The teacher said, "Let's begin by reviewing some American History. Who said
'Give me Liberty, or give me Death'?"

She saw a sea of blank faces, except for Little Hodakio, a bright foreign
exchange student from Japan, who had his hand up: "Patrick Henry, 1775," he

"Very good! -- Who said,' Government of the People, by the People, for the
People, shall not perish from the Earth."

Again, no response except from Little Hodakio: "Abraham Lincoln, 1863".
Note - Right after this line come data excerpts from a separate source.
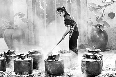 广西柳州年轻的手艺人展示客家娘酒酿造技艺。新华社发
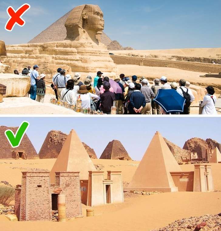 ▼埃及,古夫金字塔 vs 蘇丹,美羅埃金字塔:去埃及金字塔,必須忍受悶熱的巴士、酷熱的天氣、超高的物價。蘇丹的美羅埃金字塔就好多了,它位於尼羅河東岸,是古代城市的遺跡,遊客不多,價格不高,但非常壯觀。
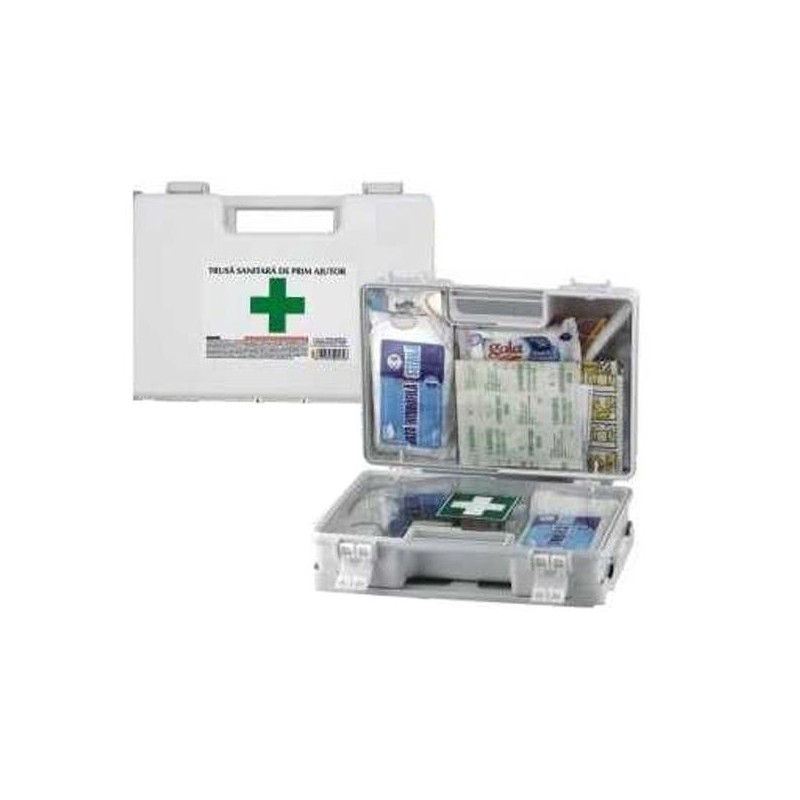Contine: alcool sanitar, alcool iodat, rivanol solutie, perogen, fese tifon, leucoplast, plasture, vata hidrofila, compresa sterila, pansamente cu rivanol, foarfece varf bont, pipe; Guedel, deschizator de gura, garou elastic, atele, bandaj triunghiular, manusi de examinare, ace siguranta, pahar de unica folosinta.

"Excellent!" said the teacher continuing, "Let's try one a bit more
difficult -- Who said, 'Ask not what your country can do for you, but what
you can do for your country'?"

Once again, Hodakio's was the only hand in the air and he said: "John F.
Kennedy, 1961".

The teacher snapped at the class, "Class, you should be ashamed of
yourselves. Little Hodakio isn't from this country and he knows more about
our history than you do".

She heard a loud whisper:"F_ _ k the Japs".

"Who said that? -- I want to know right now!" she angrily demanded.

Little Hodakio put his hand up, "General MacArthur, 1945".

At that point, a student in the back said, "I'm gonna puke".

The teacher glares around and asks, "All right! -- Now who said that?"

Again, Little Hodakio says, "George Bush to the Japanese Prime Minister,


Now furious, another student yells, "Oh yeah? -- Suck this!"

Little Hodakio jumps out of his chair waving his hand and shouts to the
teacher, "Bill Clinton, to Monica Lewinsky, 1997!"

Now with almost mob hysteria someone said, "You little shit! -- If you say
anything else -- I'll kill you!"

Little Hodakio frantically yells at the top of his voice, "Michael Jackson
to the children testifying against him, 2004".

The teacher fainted.

As-the class gathered around the teacher on the floor, someone said, "Oh
shit, we're F-- ked!"

Little Hodakio said quietly, "The American people, November 4, 2008, when
Obama was elected".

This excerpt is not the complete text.